Data items:
____________________

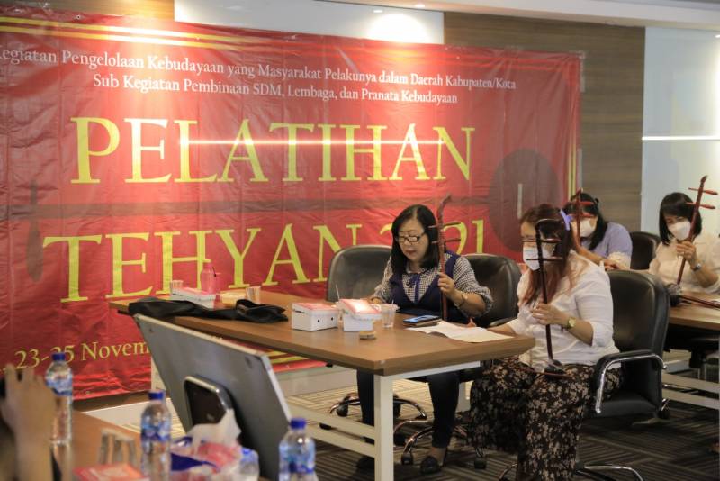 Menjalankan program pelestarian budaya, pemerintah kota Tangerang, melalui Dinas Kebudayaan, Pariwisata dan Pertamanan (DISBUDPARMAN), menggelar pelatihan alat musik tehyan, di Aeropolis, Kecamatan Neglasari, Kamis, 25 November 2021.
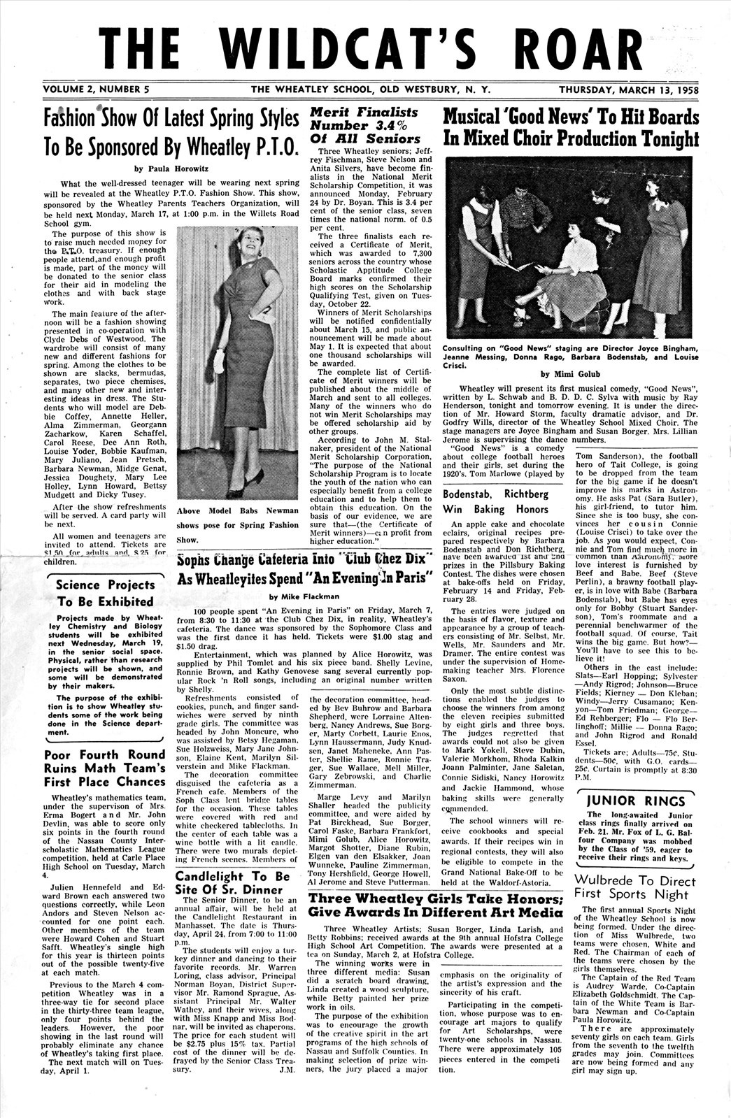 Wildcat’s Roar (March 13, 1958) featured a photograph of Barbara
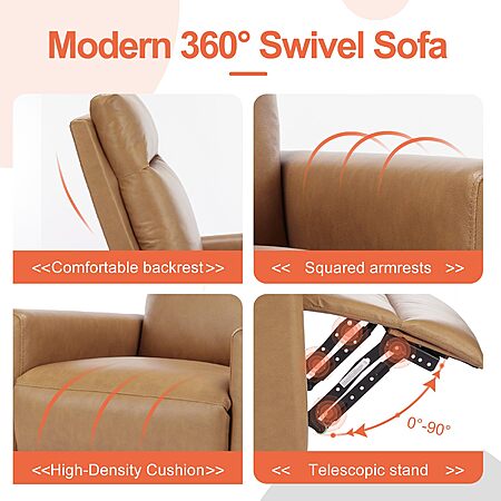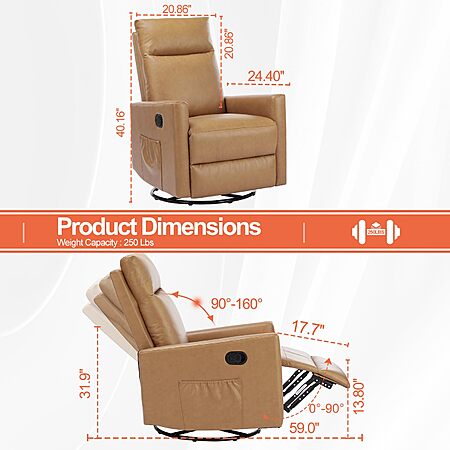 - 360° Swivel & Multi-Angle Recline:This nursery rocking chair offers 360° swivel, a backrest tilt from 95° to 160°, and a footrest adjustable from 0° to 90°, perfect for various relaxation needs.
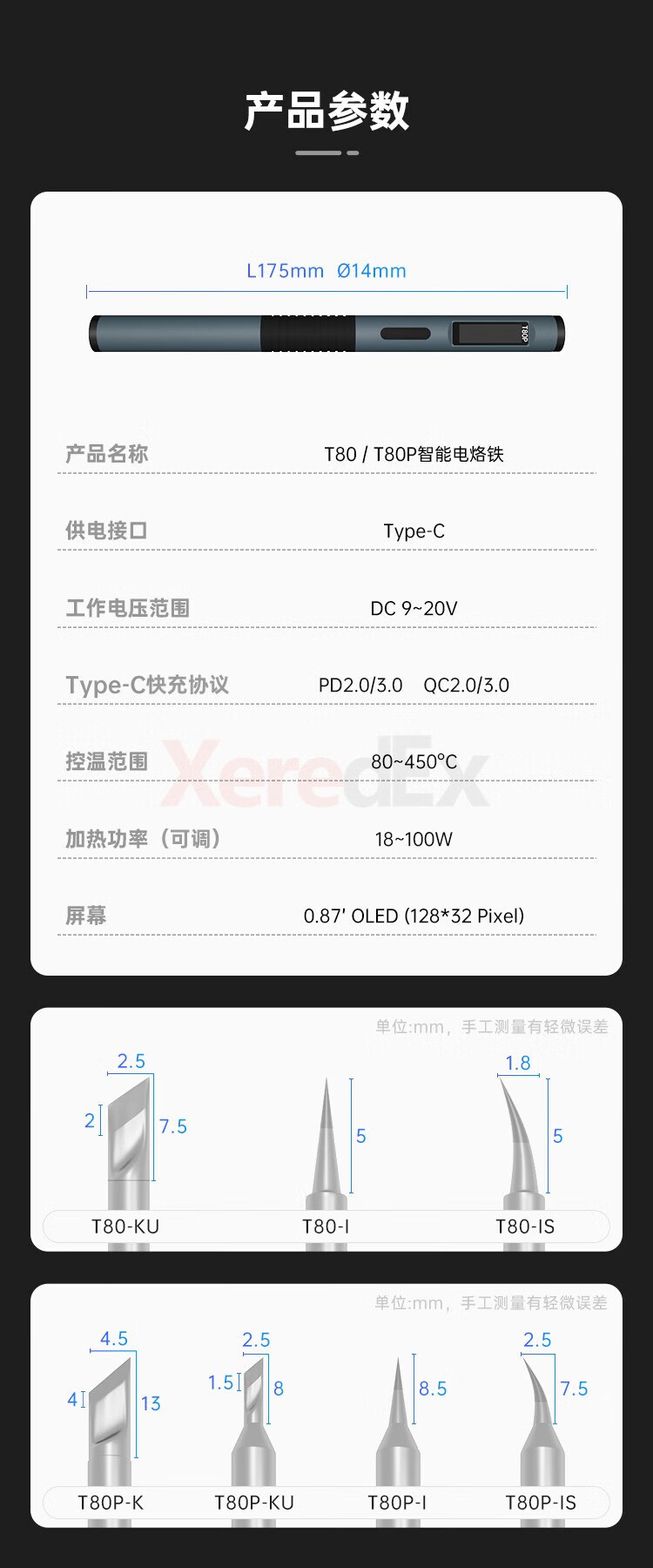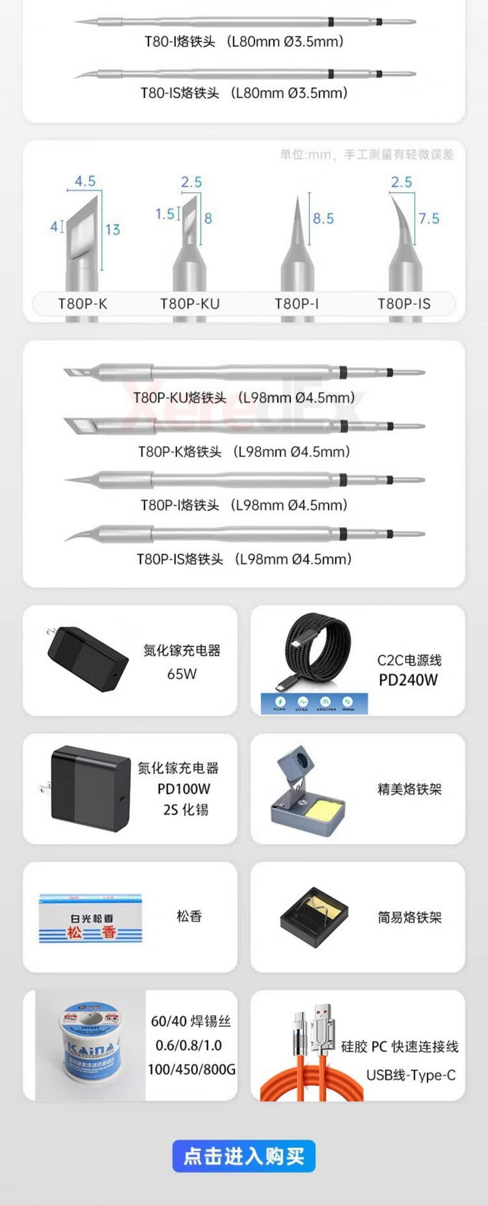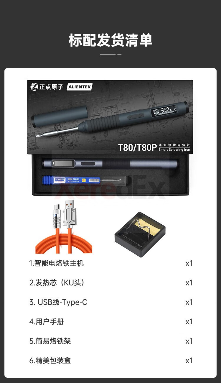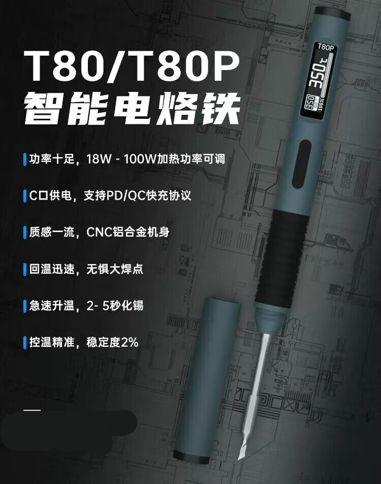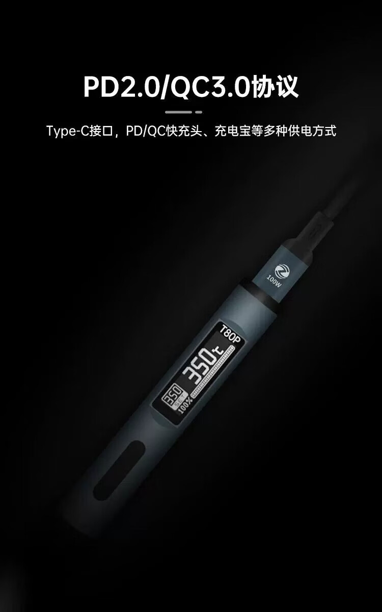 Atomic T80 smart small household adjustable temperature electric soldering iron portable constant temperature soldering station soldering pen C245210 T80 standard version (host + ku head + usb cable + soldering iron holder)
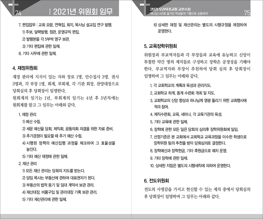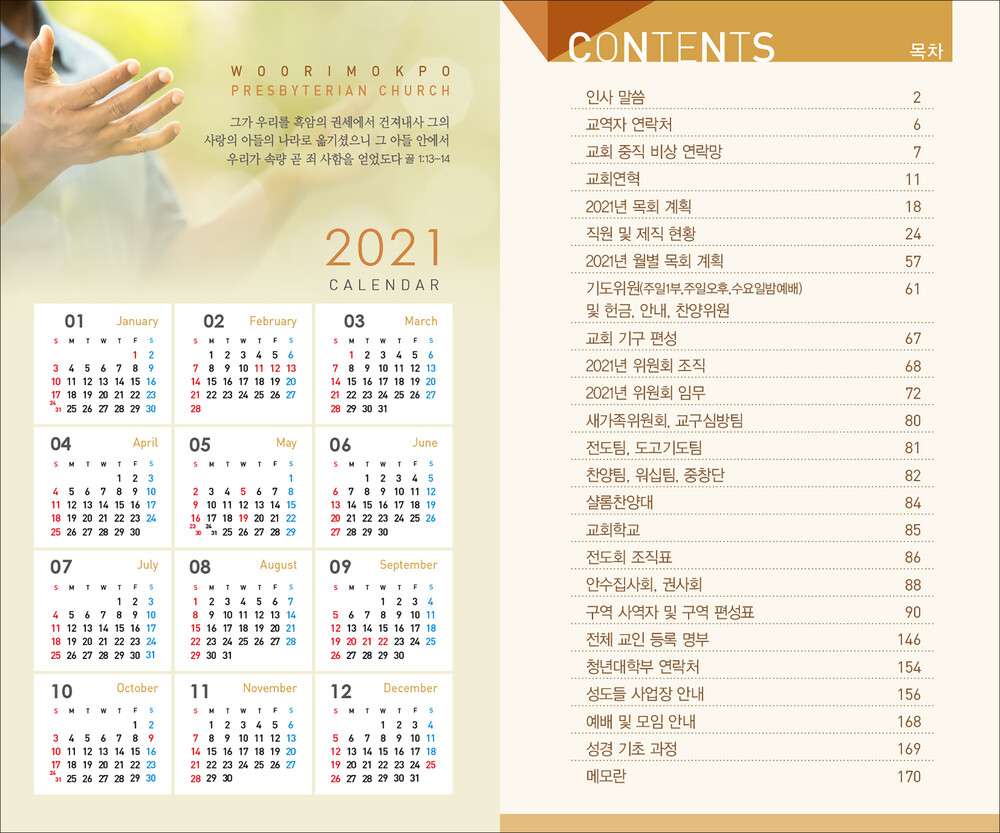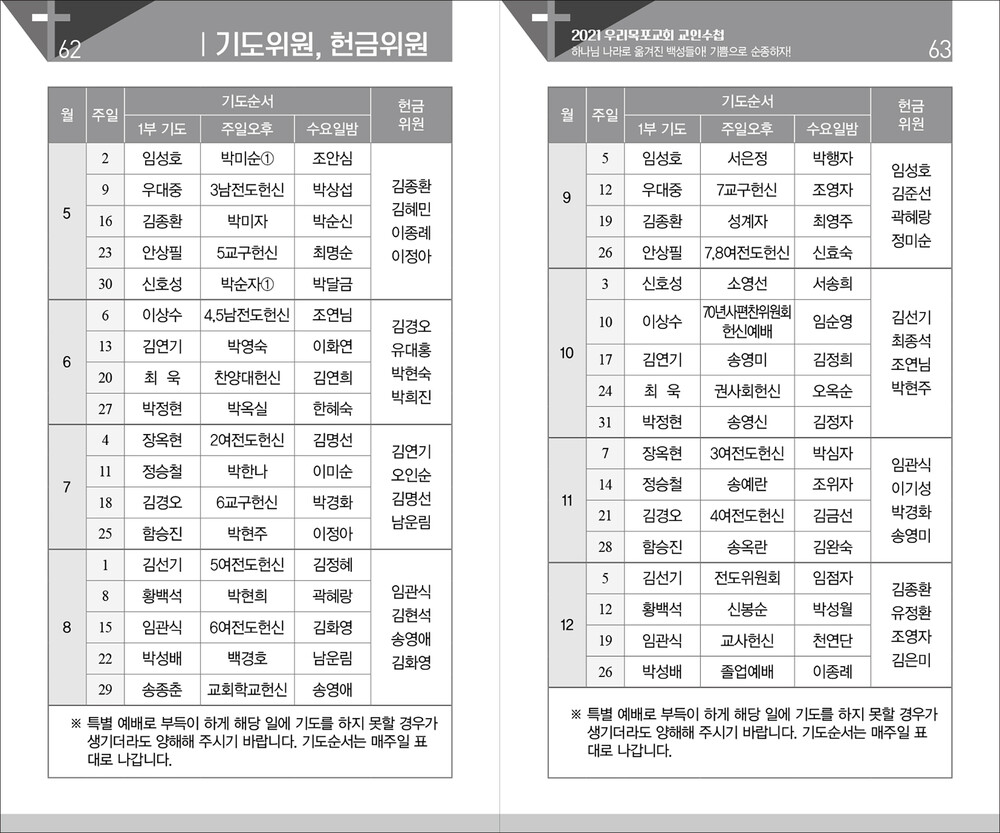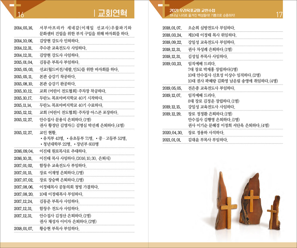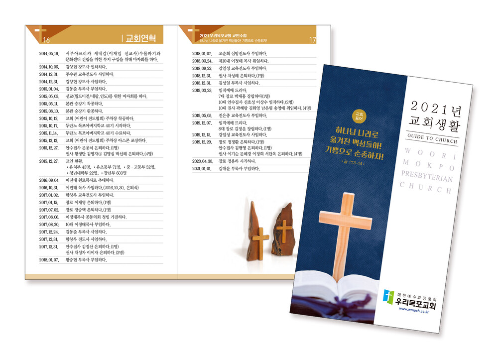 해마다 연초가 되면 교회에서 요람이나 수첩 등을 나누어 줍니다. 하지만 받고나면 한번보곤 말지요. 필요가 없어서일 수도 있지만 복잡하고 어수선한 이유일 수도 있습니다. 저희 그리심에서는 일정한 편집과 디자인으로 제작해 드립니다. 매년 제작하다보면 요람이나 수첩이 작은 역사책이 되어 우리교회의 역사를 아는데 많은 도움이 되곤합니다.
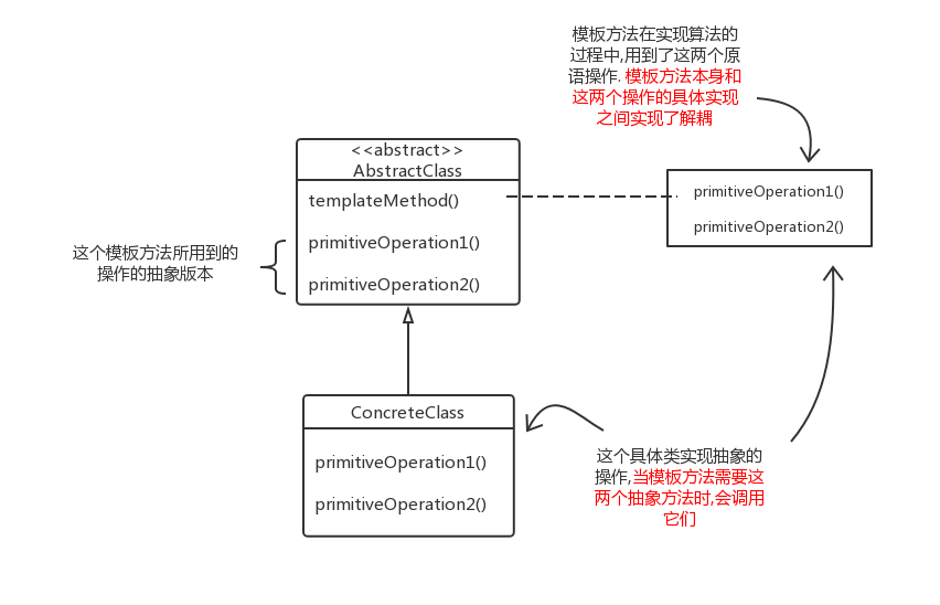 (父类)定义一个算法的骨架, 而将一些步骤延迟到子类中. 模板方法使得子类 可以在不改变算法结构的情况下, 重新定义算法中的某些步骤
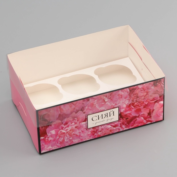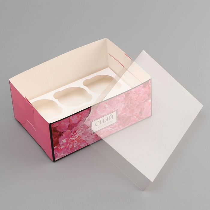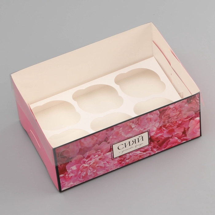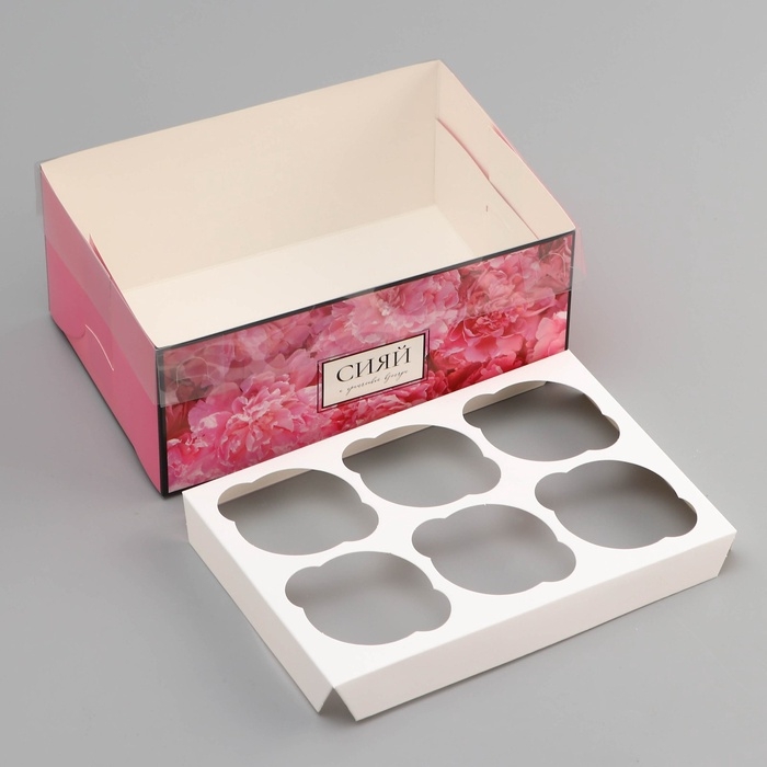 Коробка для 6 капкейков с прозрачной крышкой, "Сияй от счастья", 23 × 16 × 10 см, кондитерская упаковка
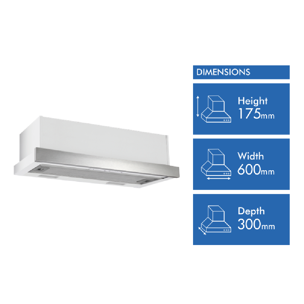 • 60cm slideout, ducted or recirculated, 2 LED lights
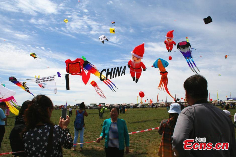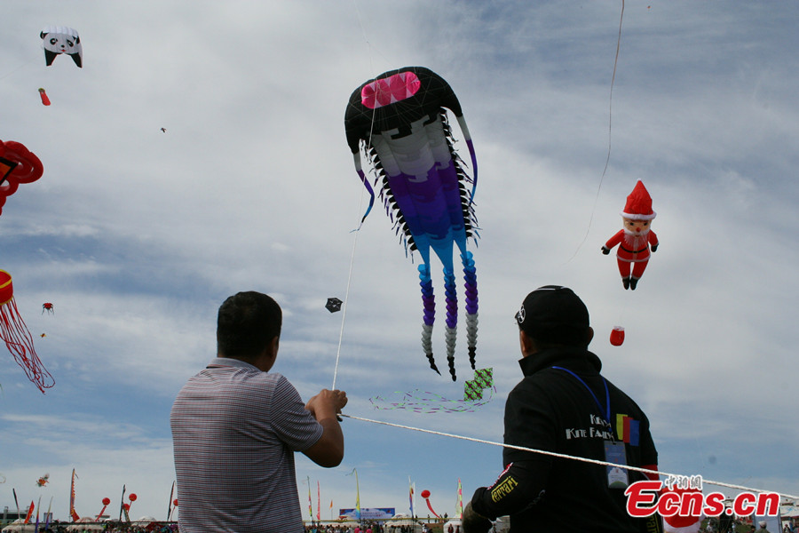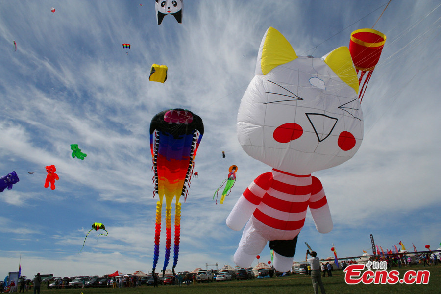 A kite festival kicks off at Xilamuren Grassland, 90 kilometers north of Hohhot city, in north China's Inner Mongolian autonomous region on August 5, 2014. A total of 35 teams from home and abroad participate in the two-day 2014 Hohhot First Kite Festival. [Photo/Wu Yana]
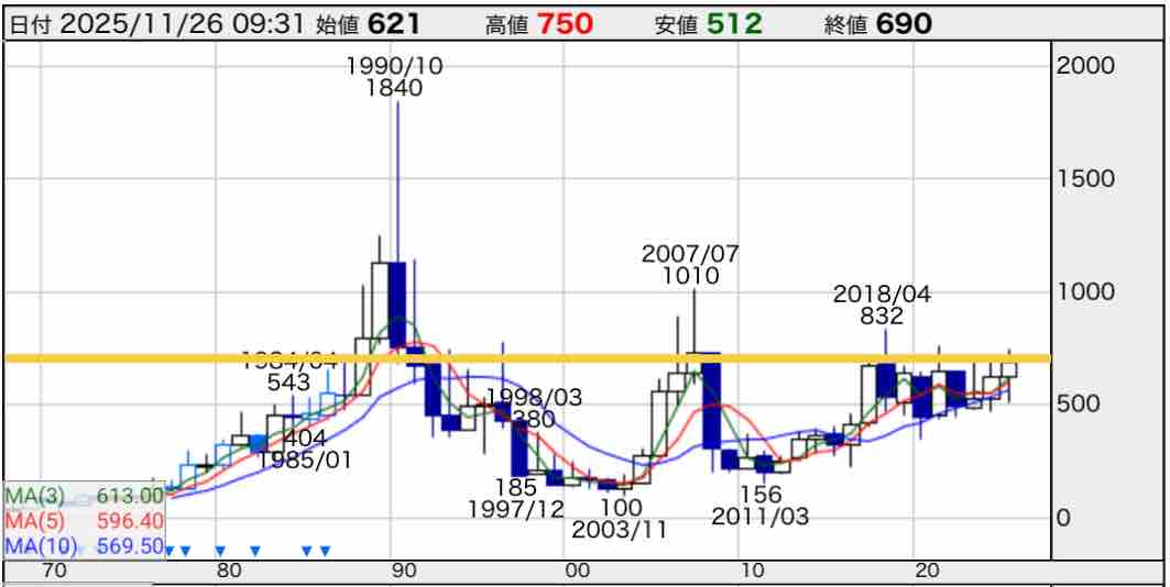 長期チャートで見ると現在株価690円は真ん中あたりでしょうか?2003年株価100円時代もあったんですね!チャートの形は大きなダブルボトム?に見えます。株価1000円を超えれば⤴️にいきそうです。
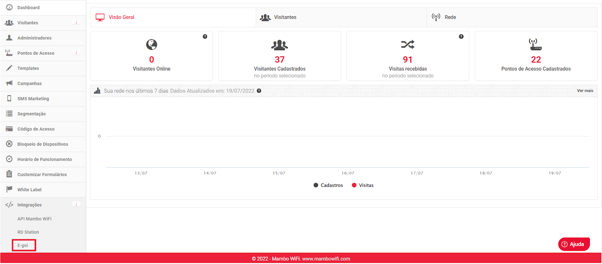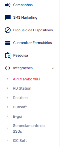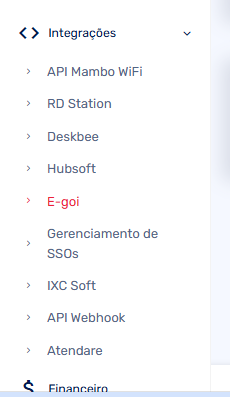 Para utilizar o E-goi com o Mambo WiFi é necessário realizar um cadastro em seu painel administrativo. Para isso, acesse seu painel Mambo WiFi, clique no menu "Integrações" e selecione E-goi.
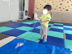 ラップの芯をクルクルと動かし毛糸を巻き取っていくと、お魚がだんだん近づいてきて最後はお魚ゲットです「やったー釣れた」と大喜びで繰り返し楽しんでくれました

____________________

Task requirements |
Copy exactly what appears in the entries, beginning with the first line and ending with the line that has "Wildcat’s Roar (March", but not the pictures.

Solved exercise |
 Menjalankan program pelestarian budaya, pemerintah kota Tangerang, melalui Dinas Kebudayaan, Pariwisata dan Pertamanan (DISBUDPARMAN), menggelar pelatihan alat musik tehyan, di Aeropolis, Kecamatan Neglasari, Kamis, 25 November 2021.
 Wildcat’s Roar (March 13, 1958) featured a photograph of Barbara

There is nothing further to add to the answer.